TASK OBJECTIVE
Copy, word for word, the lines below from the one containing "Stand aside, this" up to and including the one containing "Die Fäustlinge werden", with pictures left out.

[Stored entries]
= = = = = = =

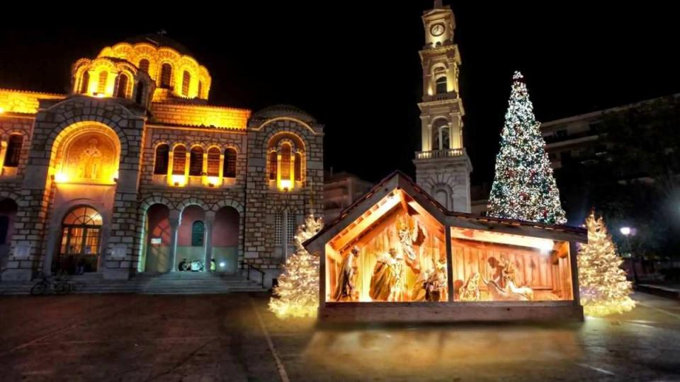 Θα έχει ύψος 23 μέτρα και έχει ήδη ξεκινήσει να στήνεται στην πλατεία Ρήγα Φεραίου, όπου θα λειτουργήσει και το Χωριό του Αϊ Βασίλη. Τη φωταγώγηση, τόσο του δέντρου, όσο και ολόκληρης της πόλης, θα κάνει ο Σάκης Ρουβάς. Επί σκηνής μαζί με τον Έλληνα καλλιτέχνη θα βρεθούν 110 παιδιά από το Δημοτικό Ωδείο Βόλου, που θα τραγουδήσουν μαζί του, θα υπάρχουν 32 μουσικά όργανα, η Φιλαρμονική και 40 χορευτές.
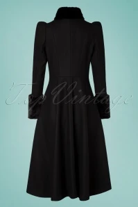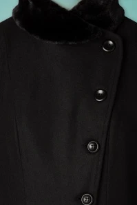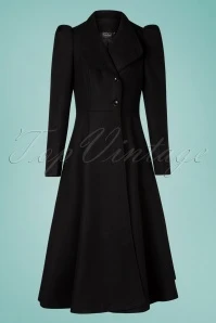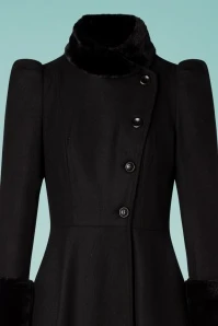 Stand aside, this 40s Violet Fur Trim Dress Coat in Black is about to make an entrance like you’ve never seen before! This coat is the statement piece that demands all eyes on her. She features a stylish high collar, long puffed sleeves, side pockets and detachable first class, soft faux fur in black. From the waist down she runs into a long flowy semi-swing skirt so you can wear all of your favourite dresses without getting them dirty 😉 Made of a sturdy black fabric that will keep you nice and warm and is fully lined in black. Blending into the crowd? No way! Make a statement this season with this fabulous coat!
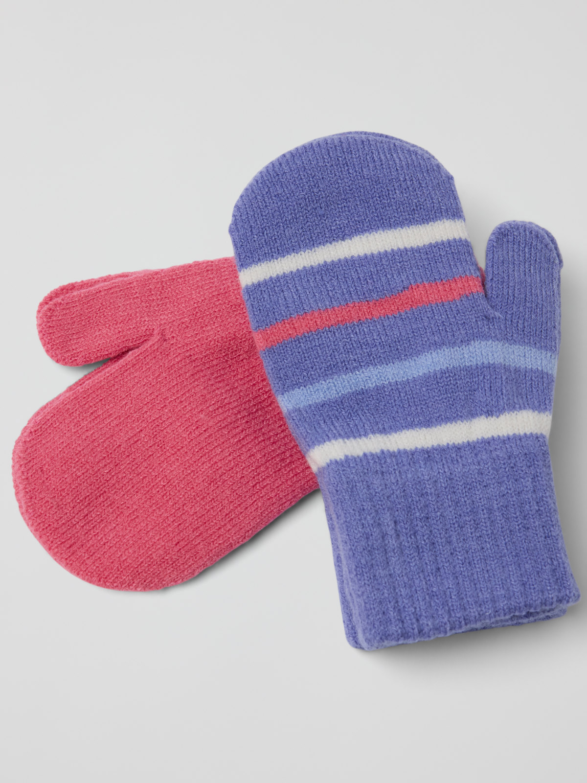 Die Fäustlinge werden im 2er-Pack verkauft: ein Paar einfarbig, das andere in unserem klassischen Streifenmuster.
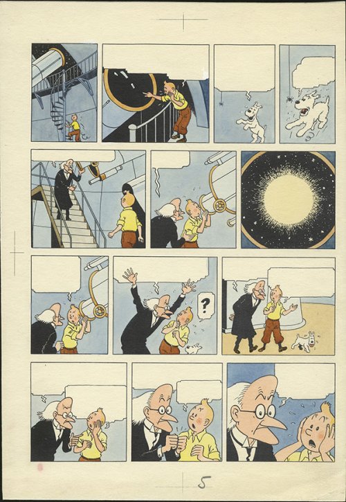 "Les premières parutions des Aventures de Tintin (et ce jusqu’au Sceptre d’Ottokar en 1939) furent structurées par l’encrage du trait noir, l’aplat encré et la trame grise de la photogravure. Pressé par son éditeur, Casterman, de passer à la couleur (pour des raisons commerciales évidentes), Hergé lui résista un temps avant de céder à contrecœur. Et pourtant, la première aventure de Tintin éditée en couleur, en 1942, est un chef-d’œuvre chromatique : les accords d’azur et d’ocre de L’Étoile mystérieuse vibrent selon un climat d’abord torride, puis glacial. Cet accord de bleu-brun clair étant celui-là même des grands peintres de la Renaissance depuis Giotto... Hergé coloriste débuta prudemment, comme un peintre classique, par la pastellisation de ce contraste parfait."
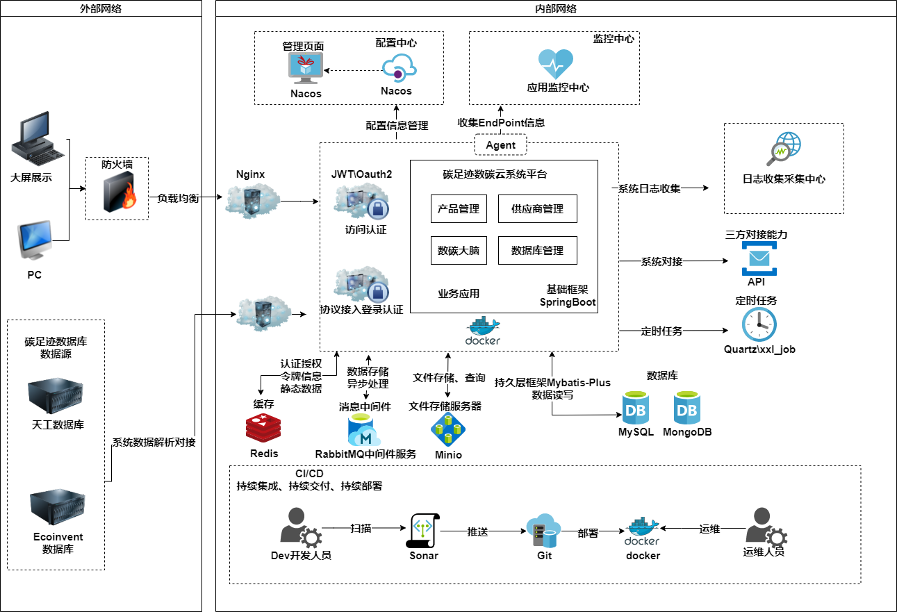 业务中台化:以SpringBoot为核心框架,将碳核算、供应商管理、产品管理等业务模块抽象为独立微服务(业务应用),支持快速迭代与横向扩展。

= = = = = = =

YOUR SOLUTION
 Stand aside, this 40s Violet Fur Trim Dress Coat in Black is about to make an entrance like you’ve never seen before! This coat is the statement piece that demands all eyes on her. She features a stylish high collar, long puffed sleeves, side pockets and detachable first class, soft faux fur in black. From the waist down she runs into a long flowy semi-swing skirt so you can wear all of your favourite dresses without getting them dirty 😉 Made of a sturdy black fabric that will keep you nice and warm and is fully lined in black. Blending into the crowd? No way! Make a statement this season with this fabulous coat!
 Die Fäustlinge werden im 2er-Pack verkauft: ein Paar einfarbig, das andere in unserem klassischen Streifenmuster.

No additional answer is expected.